- Born: 1 December 1928 Sandwip, Bengal, British India
- Died: 17 April 1971 (aged 42) Chittagong Cantonment, Chittagong, Bangladesh
- Allegiance: Bangladesh Pakistan (before 1971)
- Branch: Bangladesh Army Pakistan Army
- Service years: 1953 - 1971
- Rank: Major
- Unit: Army Medical Corps
- Known for: Martyred Intellectual
- Conflicts: Bangladesh Liberation War Operation Searchlight †; ;
- Education: Chittagong College Dhaka Medical College

= AKM Asadul Haq =

Shaheed Alamgirul Kamaluddin Mohammed Asadul Haq was a Bangladeshi physician and an army officer in the Pakistan Army who was killed in the Bangladesh Liberation War and is considered a martyr in Bangladesh.

==Early life==
Haq was born on 1 December 1928 at Santoshpur, Sandwip Upazila, Chittagong District, East Bengal, British Raj. He graduated from Kathghar High School in 1944 and from Chittagong College in 1946. He completed his MBBS from Dhaka Medical College in 1952. He was harassed by police during his internship at Dhaka Medical College for treating protesters injured in the 1952 Language Movement.

==Career==
In 1953, Haq joined the Pakistan Army Medical Corps.

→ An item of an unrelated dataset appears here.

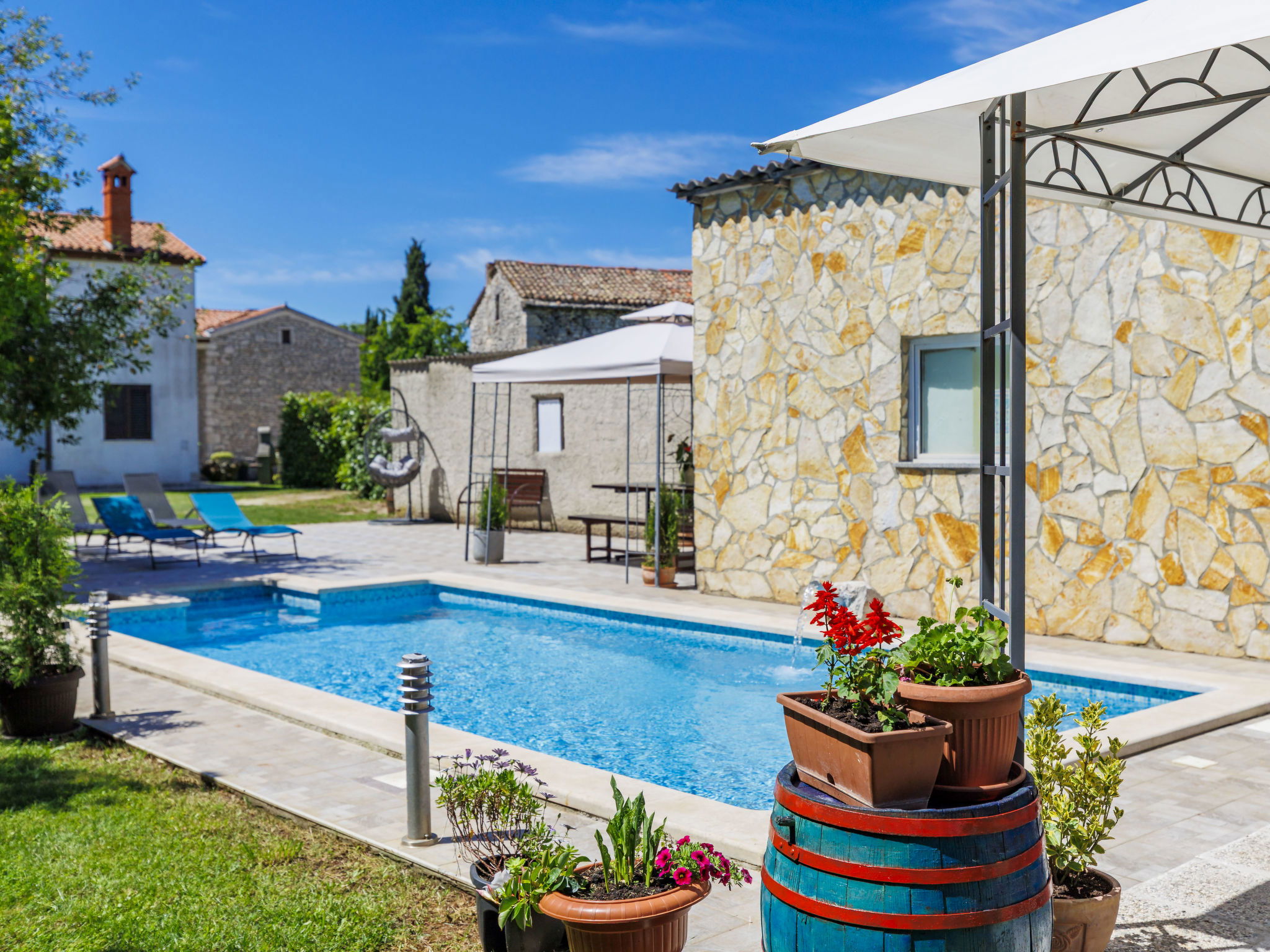 Maison mitoyenne "Pinezici", de 2 étages. Dans le hameau de Pinezići, à 2 km du centre de Marčana, à 12 km du centre de Pula, à 11 km du centre de Duga Uvala, à 11 km de la mer. En commun: terrain 2'000 m2 avec pelouse et arbres, piscine (6 x 4 m, profondeur 120 cm, disponibilité saisonnière: 20.Mai. - 30.Sep.) avec marches intérieures. Terrasse, meubles de jardin. Infrastructures de la Maison: accès internet, trampoline, lave-linge. Place de parking (pour 2 voitures) sur le terrain. Magasins 2 km, restaurant 2 km, arrêt de bus 2 km, plage de graviers 13 km, plage de rochers 11 km. Marina 16 km.

He completed his FCPS in Quetta, West Pakistan, and FRCS from the Royal College of Physicians and Surgeons in 1962. From 1956 to 1970, he served in various Combined Military Hospitals of the Pakistan Army, including in Abbottabad Cantonment, Bagh, Azad Kashmir, Jessore Cantonment, Multan Cantonment, and Sargodha Cantonment. In 1970 he was appointed commanding officer of the Armed Forces Medical Store Depot in Chittagong Cantonment.

==Death==
Haq was arrested along with his family after the start of Operation Searchlight by the Pakistan Army on 25 March 1971. They were imprisoned inside the Combined Medical Hospital. He, along with some other Bengali Army officers, was executed by the Pakistan Army on 17 April 1971.